Project description:Metabolism is tightly coupled with the process of aging, and tumorigenesis. However, the mechanisms regulating metabolic properties in different contexts remain unclear. Cellular senescence is widely recognized as an important tumor suppressor function and accompanies metabolic remodeling characterized by increased mitochondrial oxidative phosphorylation (OXPHOS). Here we showed retinoblastoma (RB) is required for the increased OXPHOS in oncogene-induced senescent (OIS) cells. Combined metabolic and gene expression profiling revealed that RB mediated activation of the glycolytic pathway in OIS cells, causing upregulation of several glycolytic genes and concomitant increases in the levels of associated metabolites in the glycolytic pathway.
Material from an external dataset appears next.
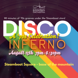 Also Thursday night, the Steamboat Symphony Orchestra presents Disco Inferno – a 70s Celebration! at the base of Steamboat Resort. It starts at 7 p.m. tonight and it is free, but there is a suggested donation of $20, if you can. New York’s top performers will be singing and dancing to hits by Abba, the Bee Gees, Gloria Gaynor, Elton John, Donna Summer, and more. Ninety minutes of ‘70s grooves under the Steamboat stars!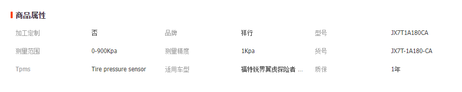 胎压传感器JX7T1A180CA 适用于福特锐界翼虎林肯飞行员压力监测器

Knockdown of these genes by small interfering RNAs (siRNAs) resulted in decreased mitochondrial respiration, suggesting that RB-mediated glycolytic gene activation promotes metabolic flux into the OXPHOS pathway. These results suggest that coordinate transcriptional activation of metabolic genes by RB enables OIS cells to maintain metabolically bivalent states that both glycolysis and OXPHOS are highly active. Collectively, our findings demonstrated a previously unrecognized function of RB in OIS cells. To understand the role of RB, we investigated the effect of RB1-knockdown in the transcription profile of oncogene-induced senescent (OIS) cells.